What is required —
Which lines run from the line with "Black pottery travel" to the end of the entries? Write out exactly those, leaving out the pictures.

- - -

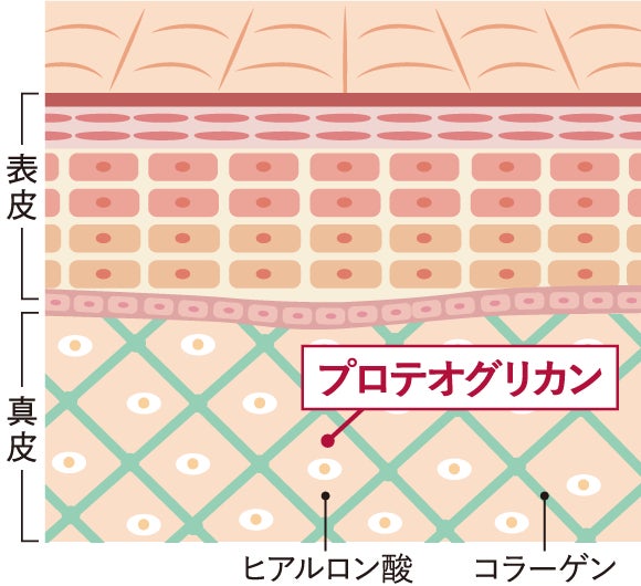 「美肌スイッチ」とも呼ばれるプロテオグリカンは、肌に元々存在しており、美しい肌のために重要な役割を果たす注目の成分です。コラーゲンやヒアルロン酸と一緒に細胞と細胞を埋めるような形で存在しており、高い保水性と柔軟性を持ったクッションのような役割を果たし、美肌のカギになる成分です。
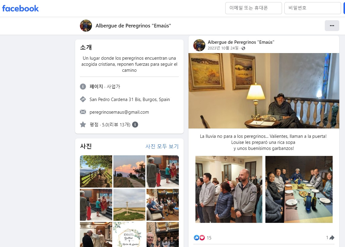 알베르게에서 운영하는 페이스북 계정에 게시된 그날 저녁 순레자들의 모습
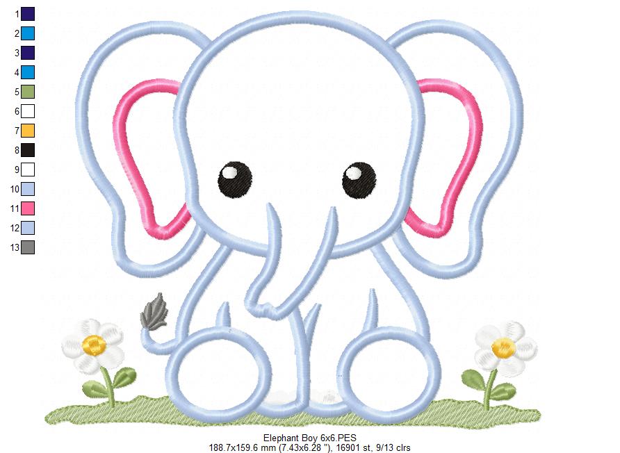 Baby Elephant Boy - Applique - Machine Embroidery Design
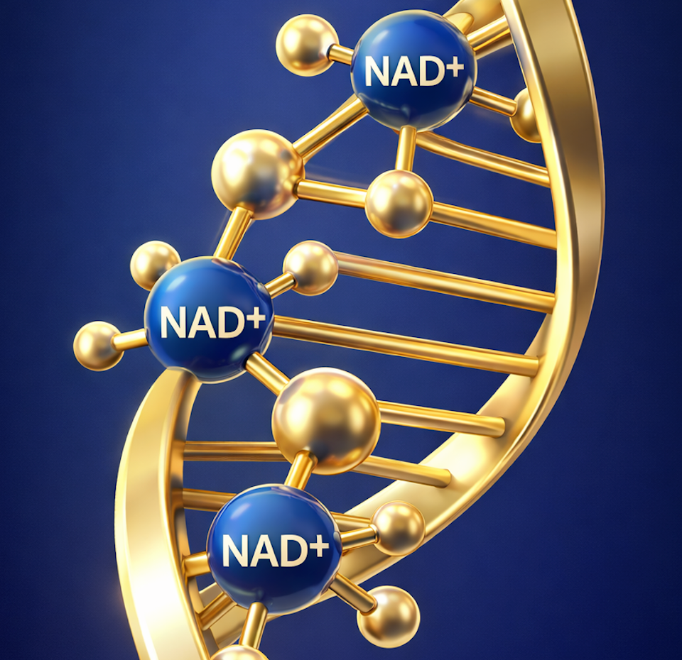 NAD+ (nicotinamide adenine dinucleotide) is a crucial molecule found in every living cell that supports energy production, mitochondrial health, and DNA repair – processes essential for maintaining youthful, resilient cells.
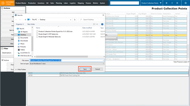 Step 4: Locate the excel file that downloaded (in the location chosen in the previous step) and open it. It will display the product collection point data (same information that is shown on the product collection points screen) for the current day.
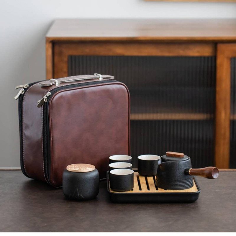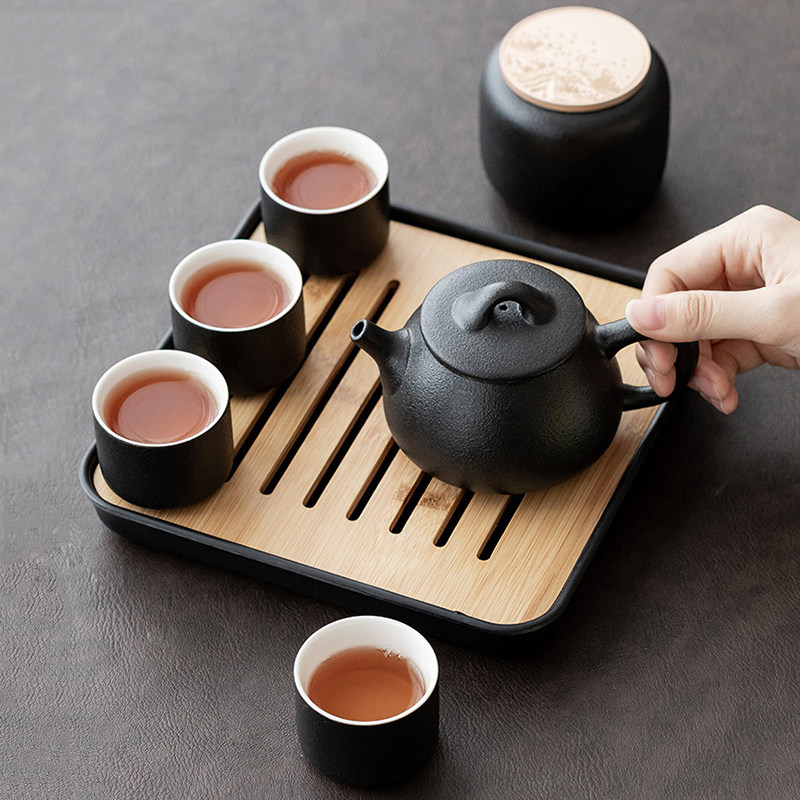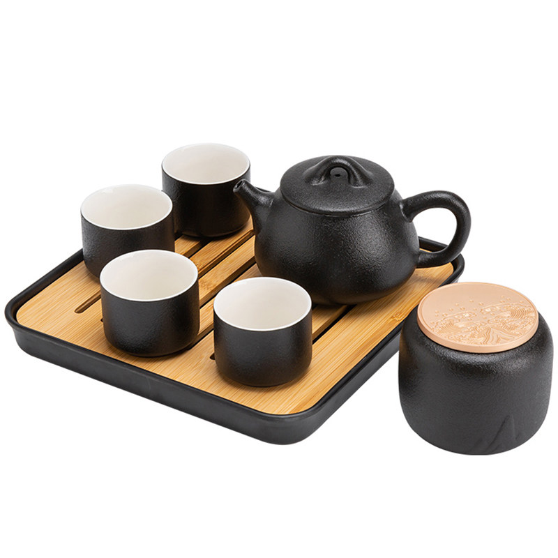 Black pottery travel tea set with tea tray home outdoor business travel portable kung fu tea set one pot four cups
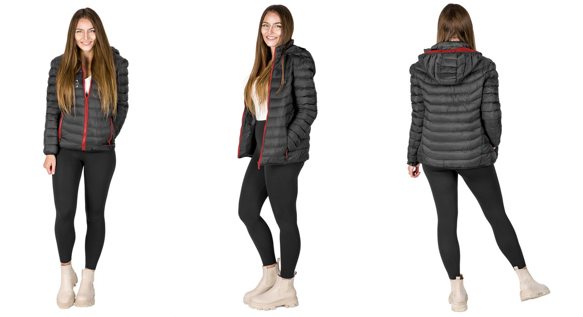 Optymalne rozmieszczenie wkładów grzejących sprawia, że kurtka zapewnia przyjemnie ogrzanie całego tułowia:

- - -

Final answer —
 Black pottery travel tea set with tea tray home outdoor business travel portable kung fu tea set one pot four cups
 Optymalne rozmieszczenie wkładów grzejących sprawia, że kurtka zapewnia przyjemnie ogrzanie całego tułowia:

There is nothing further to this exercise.